Neural Responses to Unexpected Stimulus Repetitions and Omissions in Auditory Cortex Provide Mixed Evidence for Predictive Coding

Humans and other animals process sensory uncertainty by integrating stimulus information with prior knowledge and expectations. Predictive coding conceptualizes perception as a form of Bayesian inference wherein hierarchical brain circuits update internal models to reconcile bottom-up sensory input with top-down predictions. Whereas predictive coding is a leading theory, the extent to which it is implemented in primary sensory cortices remains a matter of debate. To further investigate this issue, we examined single-neuron spiking activity in macaque primary auditory cortex (A1) to expected versus unexpected stimulus repetitions and to expected versus unexpected omissions.
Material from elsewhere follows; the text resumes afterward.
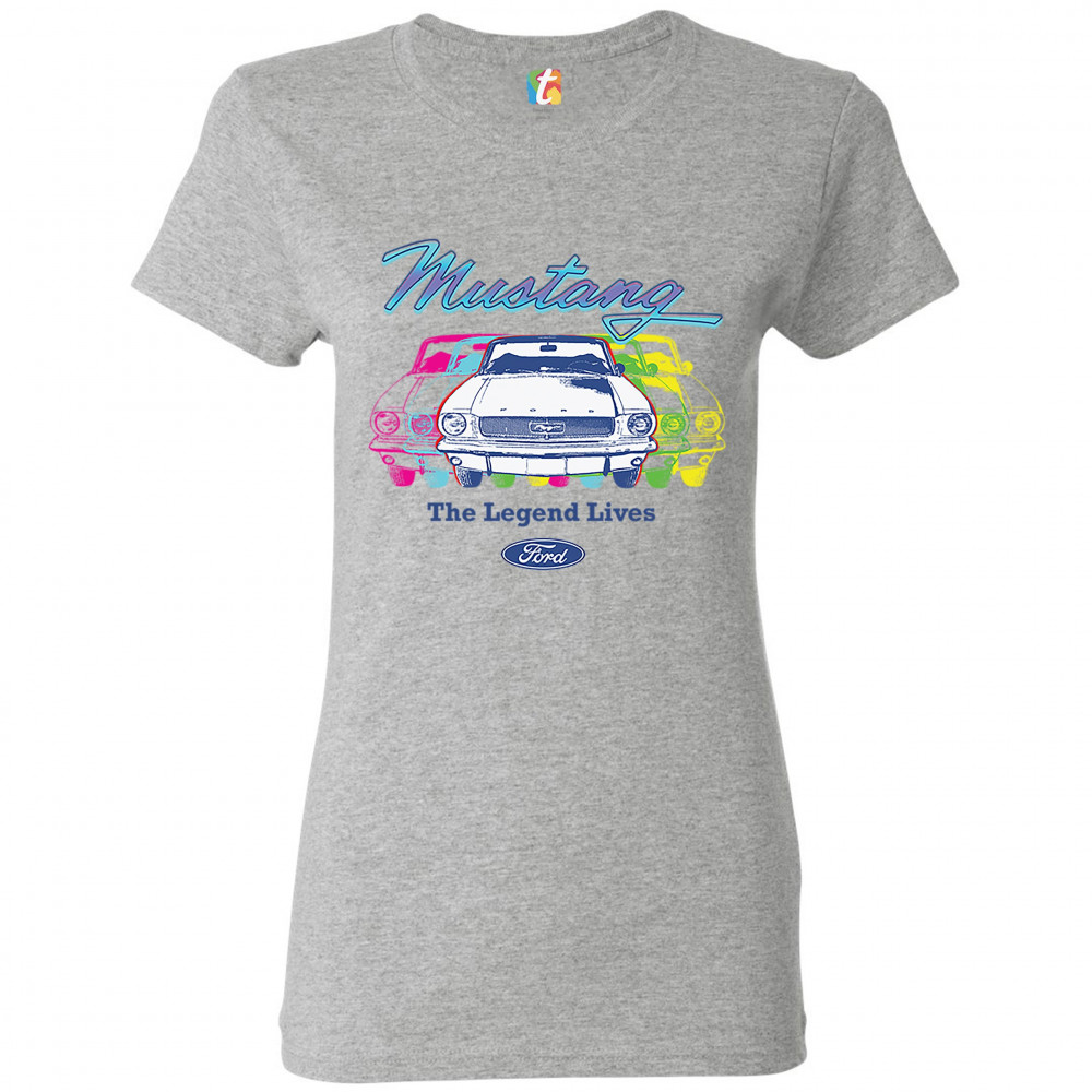 FORD MUSTANG THE LEGEND LIVES t-shirt american classic licensed women's tee gray

On average, we found that A1 neurons did not show enhanced responses to unexpected stimulus repetitions, contrary to predictive-coding theory. However, they did show enhanced responses to unexpected stimulus omissions. Taken together, these mixed results place empirical restraints on how PC is implemented in A1. Significance StatementPerception depends on the brains ability to infer the causes of sensory inputs by integrating new information with prior knowledge under uncertainty. Our results reveal nuanced evidence for predictive coding within the primary auditory cortex (A1). Specifically, spiking activity during unexpected stimuli and unexpected stimulus omissions provide conflicting and supporting, respectively, data for this Bayesian framework. These findings refine our understanding of neural mechanisms underlying perception and provide empirical constraints on the neurobiological implementation of predictive processing.